Courtesy of Benzinga.
Stifel Nicolaus has started coverage on Gilead Sciences, Inc. (NASDAQ: GILD) with a Buy rating and $100 target price on improving HCV stability and pipeline profile over the next 12 months, especially NASH (Nonalcoholic Steatohepatitis), a disease area of high unmet medical need.
NASH Pipeline
The brokerage is upbeat on the company’s pipeline on NASH, which is affecting an estimated 15 million in the United States (per Nature Biotechnology). Stifel believes it could be a $15 billion-plus market by 2025. Further, the company’s HCV, HBV and HIV franchises are generating strong operating cash flow.

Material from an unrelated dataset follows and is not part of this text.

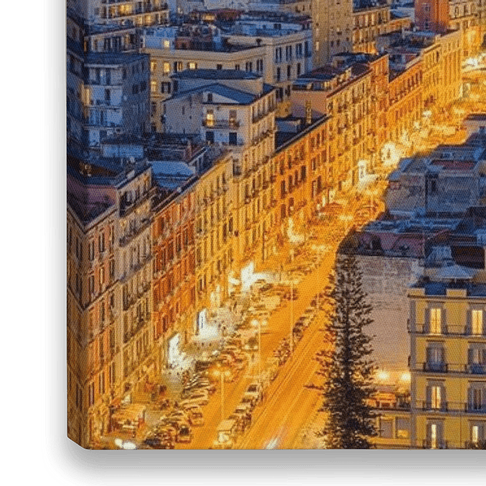 Aufnahme von Neapel bei Nacht mit schönen Lichtspuren vom Verkehr der Stadt. Im Hintergrund: der Golf von Neapel und der Vesuv

“At GILD’s current valuation, we believe there is virtually no value ascribed to its current pipeline, creating an attractive risk-reward profile in our view,” Katherine Breedis wrote in a note.
Investors became skeptical after recent pipeline attrition on Gilead’s HCV franchise, which accounts for nearly 50 percent of the company’s revenue base. However, Breedis believes several of Gilead’s late-stage assets may pose less technical risk.
Key Focus Assets
According to Breedis, key focus assets include selonsertib (aka, GS-4997) for regression of fibrosis, momelotinib for myelofibrosis, bictegravir/F/TAF for HIV and GS-5745 for gastric cancer.
Further, the analyst noted that the company’s $32 billion cash could be deployed for either a large, transformational deal or a “string of pearls”.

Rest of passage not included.